Sommige kerngroepleden bereiken zelf een tijdelijke sterrenstatus. Zoals Meikina van Ingen (49), een vrijwilliger bij de voedselbank in Amsterdam-Noord met een bewogen verleden. Een citaat van haar werd een van de handelsmerken van De oversteek: ‘Jellinek Kliniek of drie maanden slapen op een podium. Makkelijke keuze.’ Ze schrok wel even, toen ze dat terugzag op promotieborden en in de Volkskrant. Maar toen haar eigen moeder apetrots bleek, was ze gerustgesteld. Ook tijdens de slaappremière is Meikina nadrukkelijk aanwezig, net als enkele andere kernleden. Zij doen dit al zo lang samen, zij weten al wat er gebeurt. Zij fungeren als voortrekkers en smaakmakers, en dat doen ze goed. Zo is het opvallend hoe stil en gedisciplineerd deze grote gelegenheidsgroep blijft waar en wanneer dat moet, vlak voor hun opkomst aan het eind, pal achter het podium waar dan nog wordt gespeeld.
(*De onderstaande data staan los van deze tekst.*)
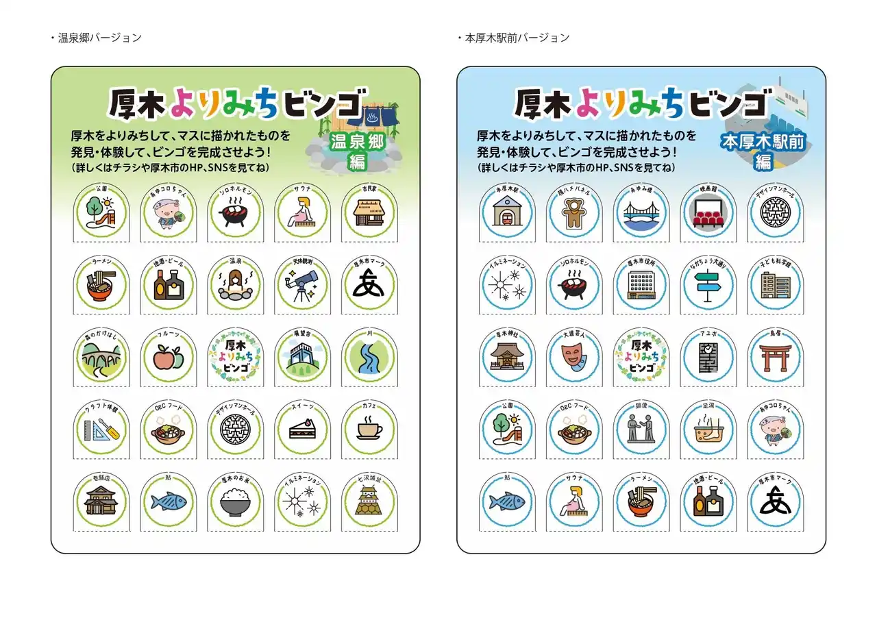 | 本企画では、参加者がビンゴゲームを楽しみながら、普段は通り過ぎてしまう場所や、食べたことのないグルメ、知らなかった文化に「ちょっと“よりみち”」する。「発見」と「体験」を通じて、厚木市の魅力を改めて感じ、街への愛着を深めていただきたいと思います。 | |||||||||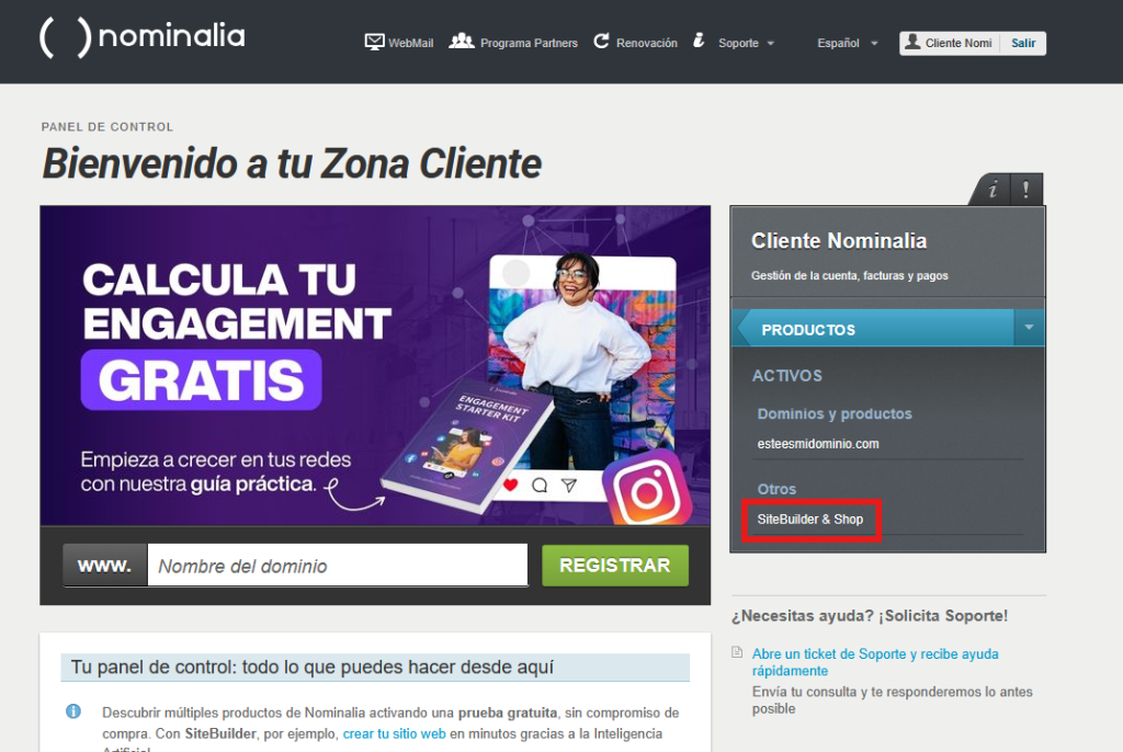 Haz clic sobre tu dominio: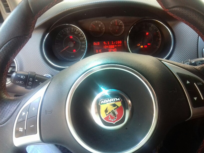 Кожаный руль Абарт, черный с красной строчкой, с подушкой безопасности. Куплен в богатые времена за почти 400$. Шикарен.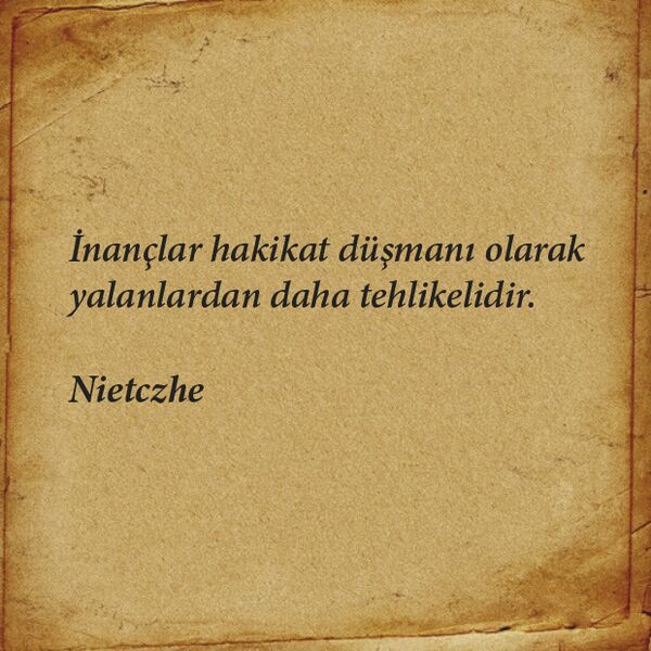 İnançlar hakikat dūşmanı olarak yalanlardan daha tehlikelidir.
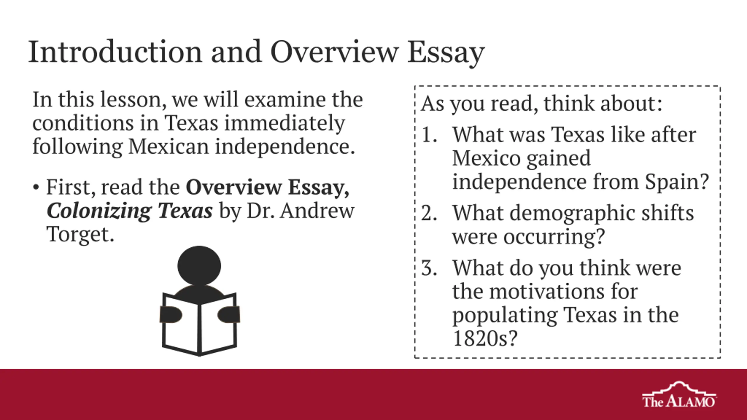 Introduction and Overview Essay In this lesson, we will examine the conditions in Texas immediately following Mexican independence. As you read, think about: 1. What was Texas like after Mexico gained independence from Spain? 2. What demographic shifts were occurring? 3. What do you think were the motivations for populating Texas in the 1820s? First, read the Overview Essay, Colonizing Texas by Dr. Andrew Torget.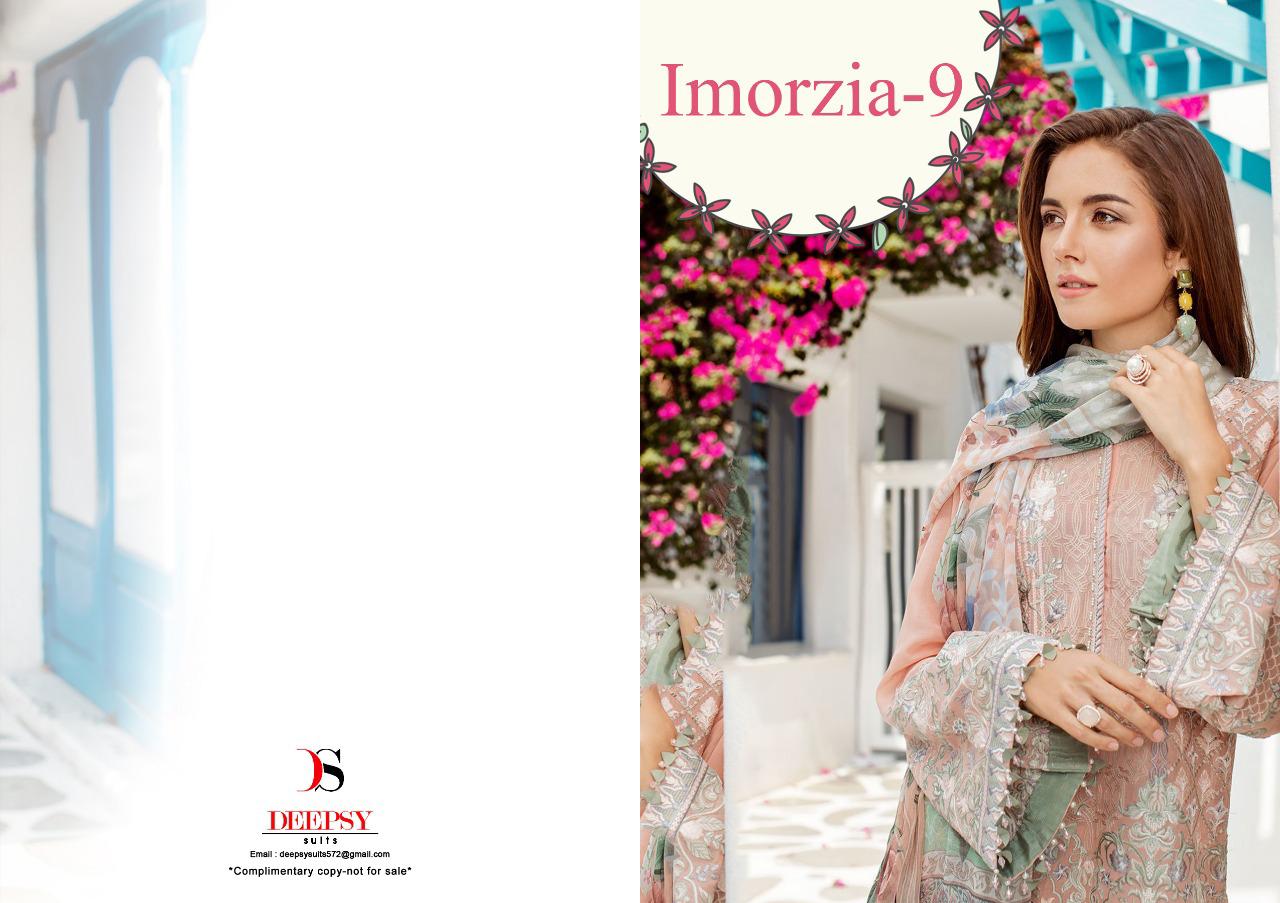 Imorzia 9 by deespy series 800101 to 800107 Georgette embroidered designer Pakistani suits wholesale supplier surat Fabrics details and price list attached Gst extra |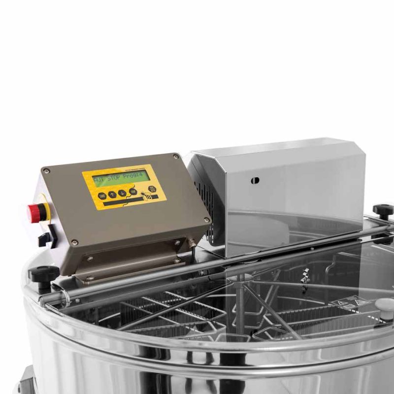 Centrífuga autoinvertible para 6 marcos con motor 180 W / 230 V y control totalmente automático. Incorpora un interruptor de seguridad que apaga el motor automáticamente al abrir la tapa. La tecnología más avanzada nos ha permitido desarrollar un fondo de depósito innovador. El fondo del depósito está soldado sin juntas y con inclinación hacia la salida. La centrífuga dispone de dos grifos de salida inox (6/4''), uno ubicado en el punto más bajo posible para permitir que toda la miel fluya fuera del depósito. Todas las piezas que entran en contacto con la miel están fabricadas con materiales aptos para uso alimentario. La tapa es de acrílico transparente.

De sfeer blijft de gehele nacht goedmoedig, ook al hebben de meeste Overstekers nog nooit met zoveel vreemden onder één dak geslapen. En ook al kan het aardig benauwd worden wanneer je met honderd man in een gang staat te wachten. Dat samen wachten en slapen drijft je gedachten onvermijdelijk naar de honderdduizenden mensen elders op aarde voor wie dat dagelijkse kost is, zoals de vluchtelingen uit Syrië. Minstens tien deelnemers aan de slaappremière kunnen daarover meepraten. Het zijn jonge mannen uit Somalië, Ethiopië, Eritrea en Libië, die alleen meedoen aan De oversteek in de hoop op aandacht voor hun treurige lot als illegalen in Nederland.

Fuad Guhaad (32) is al vier jaar hier. Hij moest halsoverkop vluchten omdat hij levensgevaar liep. ‘Ik heb vier kinderen achtergelaten,’ vertelt hij. ‘Ik weet niet eens of ze nog leven.’ Net als zijn vrienden kan hij, bij gebrek aan een legale verblijfsstatus, niet werken, geen opleiding volgen, kortom, geen nieuw bestaan opbouwen in Nederland. Wagen zij zich op straat, dan kunnen zij om de kleinste futiliteit worden opgepakt en zonder proces voor onbepaalde duur worden opgesloten in een van de vele detentiecentra voor illegalen – een Guantánamo Bay aan de Maas dat zo maar is ontstaan, zonder een Robespierre die het heeft bedacht en aangezwengeld. Uitwijken naar een ander land heeft geen zin, want dan worden ze meteen teruggestuurd.

‘Wij zijn bedelaars,’ zegt Fuad. ‘Wij leven zonder hoop.’ De mannen blijven niet slapen, zij keren terug naar de Vluchtgarage, hun zoveelste tijdelijke onderkomen. Hoe vluchtig ook, de kennismaking met deze tien confronteert je met de stand van de Franse Revolutie ruim twee eeuwen na dato: een zoveelste Restauratie, een rechtsstaat die ruimte biedt aan een Kafkaïaans gezwel.

Het is deze gelaagdheid die De oversteek tot zo’n bijzondere ervaring maakt.